■ The problem ■
Below are some records. Retype exactly the lines from the one containing "参政・梅村みずほ「私は『ウィ" through the one containing "يمكن للاعبين تمويل", both included, skipping every picture.

■ Recorded information ■

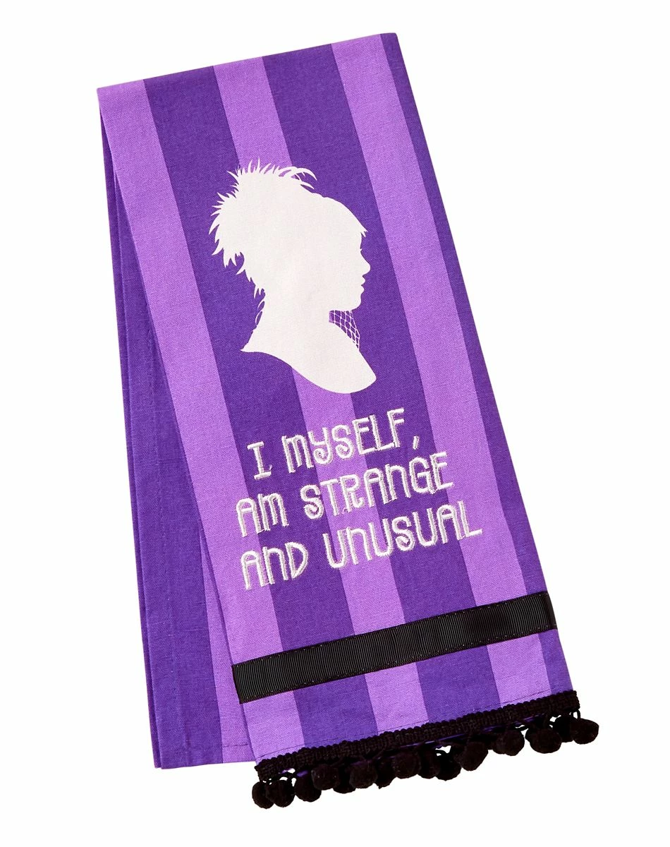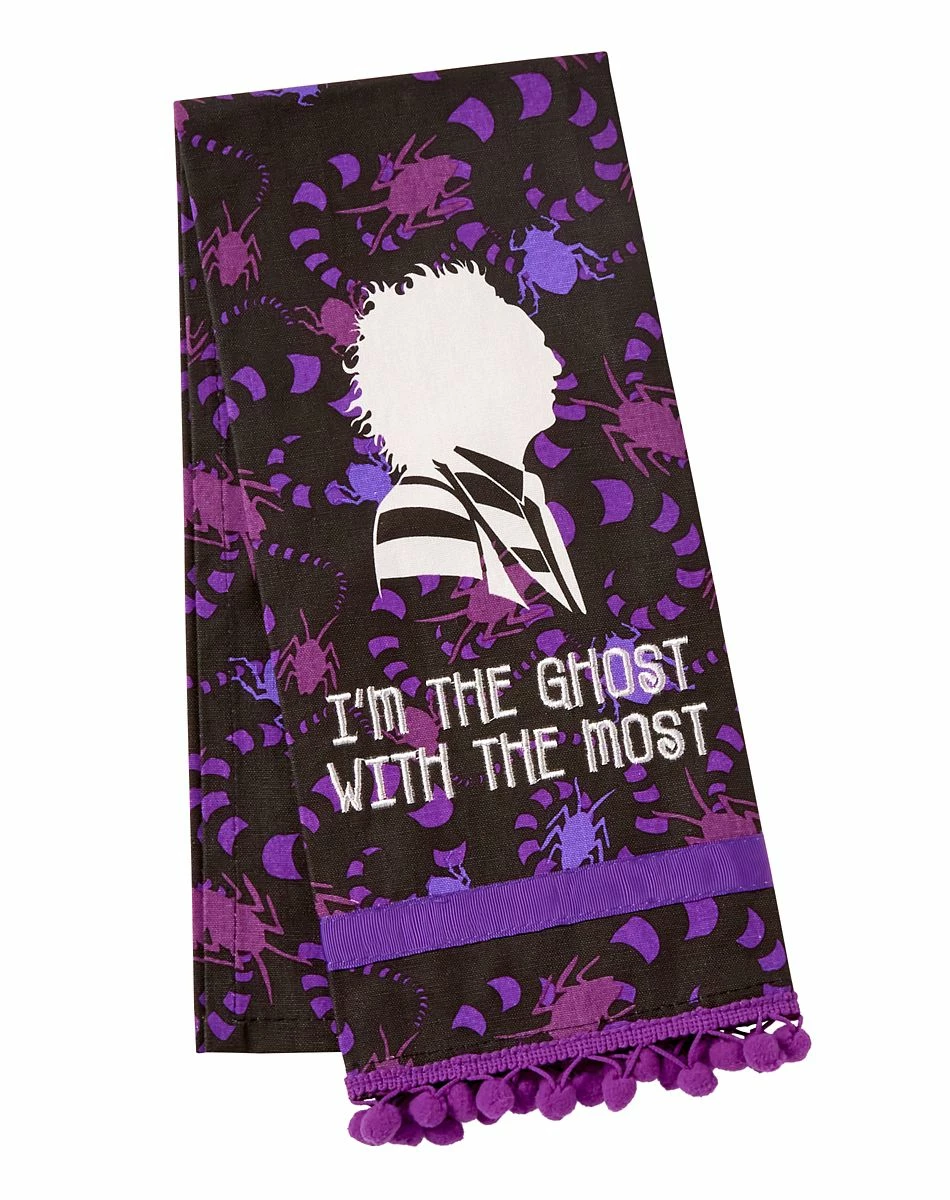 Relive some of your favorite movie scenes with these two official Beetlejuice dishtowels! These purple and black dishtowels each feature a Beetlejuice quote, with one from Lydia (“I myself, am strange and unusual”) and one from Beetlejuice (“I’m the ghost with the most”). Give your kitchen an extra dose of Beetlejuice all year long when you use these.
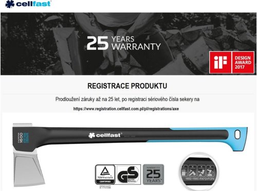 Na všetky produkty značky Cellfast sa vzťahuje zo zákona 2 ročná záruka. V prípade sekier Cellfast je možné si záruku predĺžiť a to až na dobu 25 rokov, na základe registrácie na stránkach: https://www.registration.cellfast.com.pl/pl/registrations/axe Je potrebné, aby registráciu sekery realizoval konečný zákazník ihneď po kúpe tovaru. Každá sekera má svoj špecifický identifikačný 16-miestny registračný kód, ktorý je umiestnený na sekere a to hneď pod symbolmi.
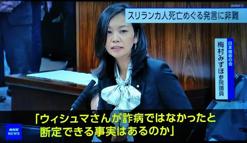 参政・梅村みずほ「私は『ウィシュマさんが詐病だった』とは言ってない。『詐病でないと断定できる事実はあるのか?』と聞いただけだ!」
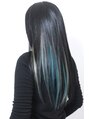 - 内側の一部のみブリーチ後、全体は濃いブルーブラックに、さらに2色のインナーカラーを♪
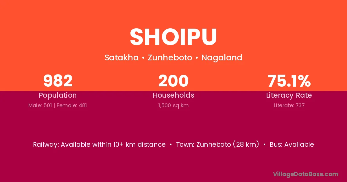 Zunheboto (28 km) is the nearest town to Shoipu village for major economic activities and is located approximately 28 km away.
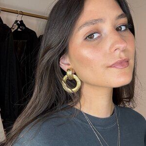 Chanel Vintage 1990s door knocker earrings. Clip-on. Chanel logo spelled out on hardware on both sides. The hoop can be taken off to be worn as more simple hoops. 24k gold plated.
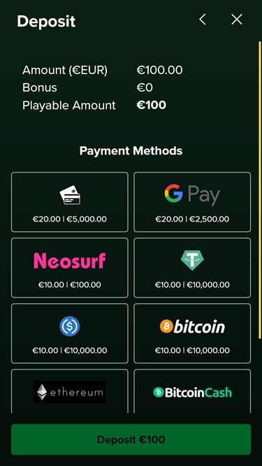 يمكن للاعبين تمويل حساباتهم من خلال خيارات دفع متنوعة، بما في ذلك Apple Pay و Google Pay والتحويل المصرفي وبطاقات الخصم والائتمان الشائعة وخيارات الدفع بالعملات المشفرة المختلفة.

---

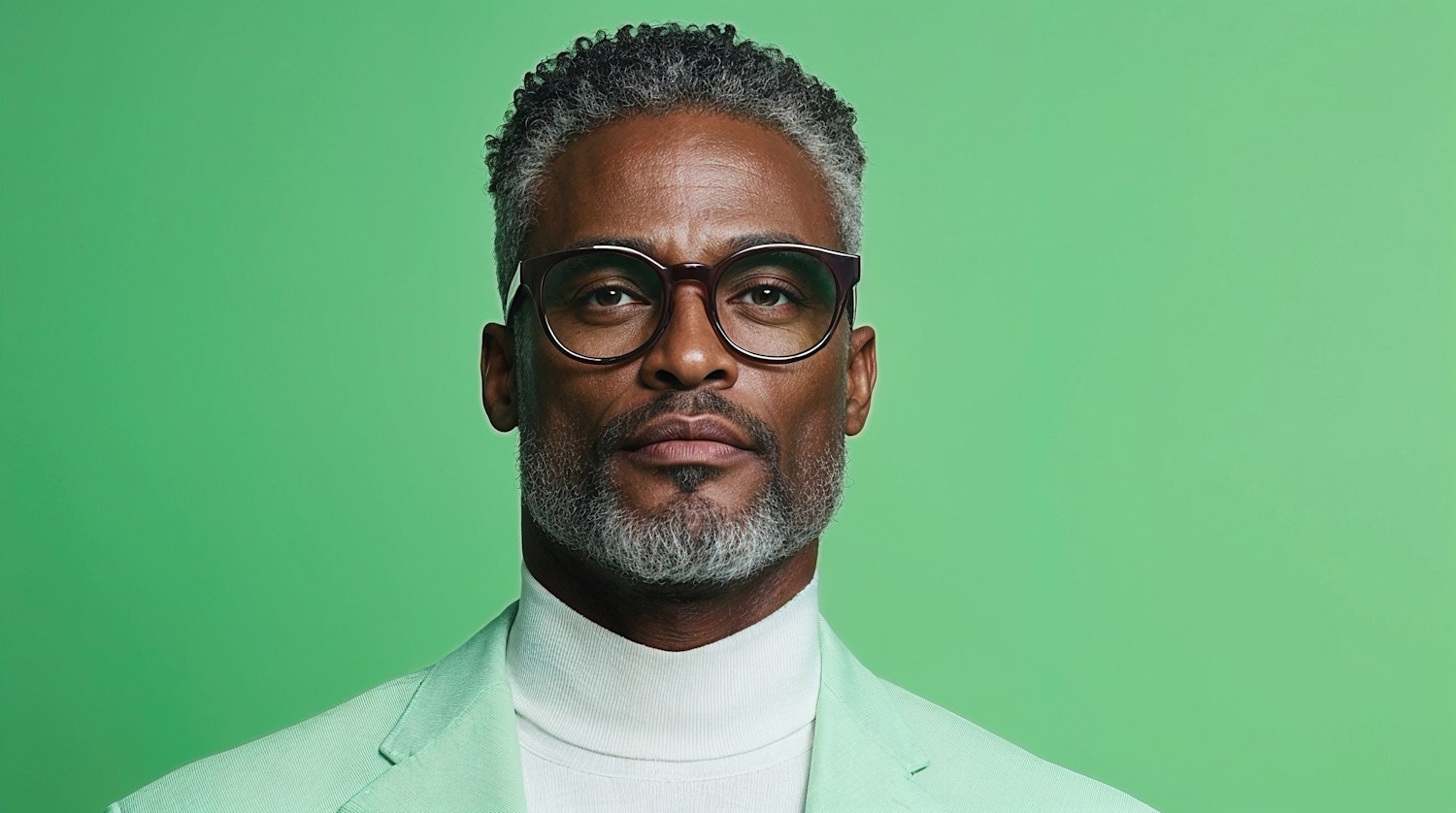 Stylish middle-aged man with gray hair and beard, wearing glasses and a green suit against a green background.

■ Final answer ■
 参政・梅村みずほ「私は『ウィシュマさんが詐病だった』とは言ってない。『詐病でないと断定できる事実はあるのか?』と聞いただけだ!」
 - 内側の一部のみブリーチ後、全体は濃いブルーブラックに、さらに2色のインナーカラーを♪
 Zunheboto (28 km) is the nearest town to Shoipu village for major economic activities and is located approximately 28 km away.
 Chanel Vintage 1990s door knocker earrings. Clip-on. Chanel logo spelled out on hardware on both sides. The hoop can be taken off to be worn as more simple hoops. 24k gold plated.
 يمكن للاعبين تمويل حساباتهم من خلال خيارات دفع متنوعة، بما في ذلك Apple Pay و Google Pay والتحويل المصرفي وبطاقات الخصم والائتمان الشائعة وخيارات الدفع بالعملات المشفرة المختلفة.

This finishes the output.